Farei aqui a singela homenagem de minhas memórias, pelas palavras, aos idos anos de minha infância.
Esta não consegue traduzir de exato minhas verdadeiras emoções, mas é digna de representar o que há muito guardo comigo.
É engraçado como, à cada forçosa consulta ao passado, fatos já quase empueiradamente esquecidos são trazidos de volta ao âmago de minha existência.
Por onde devo começar?
Bem, como esse breve relato não tem o atrevimento de memórias mais longas, devo me ater apenas àquelas que surgirem quase que naturalmente, assim como em uma livre associação.
Nossas lembranças são repletas de cheiros, cores e situações.

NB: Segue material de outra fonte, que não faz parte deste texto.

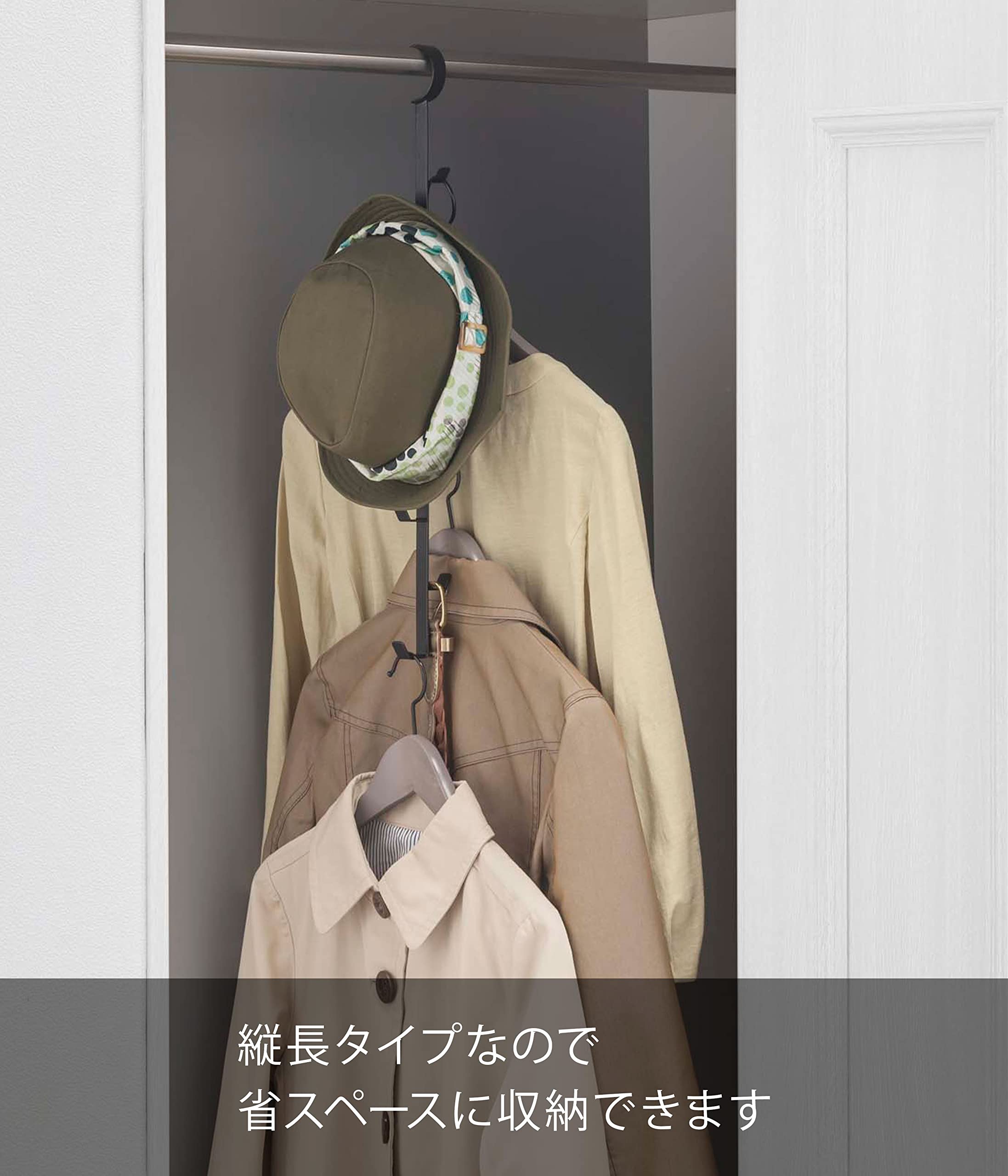 散らかりがちなバッグや帽子もクローゼットにまとめて収納。帽子・鞄・小物類をスリムに一括収納!クローゼットのパイプに掛けるだけの簡単設置です。縦に複数かけられるスリムタイプ。クローゼットにも馴染むスマートなデザインです。 ■サイズ:幅6×奥行5×高さ54cm■材質:本体/スチール(粉体塗装)■重量:230g■原産国:Made in China■備考:耐荷重/フック1つにつき約1kg

Lembro-me, primeiro, do cheiro da comida que minha mãe preparava. O sabor do tempero que saía da cozinha e entrava em minhas narinas, logo pela manhã, ao acordar.
O natal sempre foi presente em minhas breves consultas ao passado.
O primeiro deles que consigo me lembrar é aquele em que colocava bolas vermelhas na árvore. E para que isso fosse feito de uma maneira razoável, era preciso que subisse naquele carro prata.
E com o mesmo afinco, me deitava sobre o chão frio para desenhar. Sempre gostei de me expressar, e nas primeiras vezes, bastava um lápis e um papel. Lembro-me ainda que, nesse dia, o cachorro compartilhou comigo um copo de leite - a doce liberdade de não ter repulsa.
Ainda nesta cidade, consigo ter realmente aquelas recordações que quase nos fazem querer retomar nosso passado em um barco guiado por nossas próprias lágrimas.
Brincadeiras tão criativas. Os dias passados no clube também me fazem fechar os olhos.
Foi ainda nessa época que soube como era bom ter amigos, e hoje sei que apenas nessa época é que podemos ter amigos, na melhor acepção e sentido que a palavra merece. Primeiras experiências dormindo fora (e sentindo saudade de casa), festas na garagem do vizinho, uma tarde inteira dedicada à filmes divertidos e pipoca. Como era bom o achocolatado preparado pela minha querida Tia (amiga de mamãe): pouco chocolate e muito leite.
A liberdade de correr com minha bicicleta vermelha, já sem rodinhas, por todo o condomínio, foi a melhor lição que tive sobre o que ela representava. Nunca, depois, mesmo nas escolas
tentando atribuir um verdadeiro sentido à esta palavra, consegui tomá-la tão verdadeiramente como antes.
Em tempos à frente, mas não menos distantes, a liberdade da infância adequou-se aos moldes da cidade grande.
Mas isso não significou um cerceamento ao meu direito de ir e vir - foi apenas uma nova experiência de vida que criaria o homem de hoje.
Já não podia mais andar a pé de lá para cá (e quando a necessidade me parecesse conveniente, ir com a bicicleta), nem subir na árvore para comer doces frutas.
Carros e mais carros tomavam por completo as ruas da grande cidade, a capital.
A escola já não era sinônimo de tutela, mas de cautela. O aprendizado não se limitou às aulas de informática (que eram novidade), ou aos exercícios de criatividade limitada. Conquistei os primeiros amigos fiéis e inimigos temporários. Uma verdadeira gangue se formou. Tentava, por presentes, também conquistar as mulheres. Para as professoras, balas e poemas. Para as colegas, jóias furtadas da mamãe (mas que sempre eram recuperadas por elas, coitada).
Pratiquei esportes.
Soltei pipa, e até incendiei um lote sem querer.
Carnavais na escola, festas juninas, teatros, cinema, viagens, o coelho da páscoa, folclore, dia das mães, dia dos pais, natais, aniversários. Tudo isso que uma criança deve experimentar, eu experimentei várias vezes.
Fui muito feliz, muito feliz mesmo.
Usei aparelho. Usei óculos... e chorei.
Chorei por medo, sempre. Fui abandonado, de certo modo.
Chorei por não entender.
E hoje, quando não consigo sorrir por coisas que antes me faziam sorrir, quando não consigo temer por coisas que antes temia, e quando não vejo motivo para acreditar
nas coisas em que acreditava, sinto que cresci.
E não percebi.
Lágrimas petrificadas nas lembranças... um breve suspiro.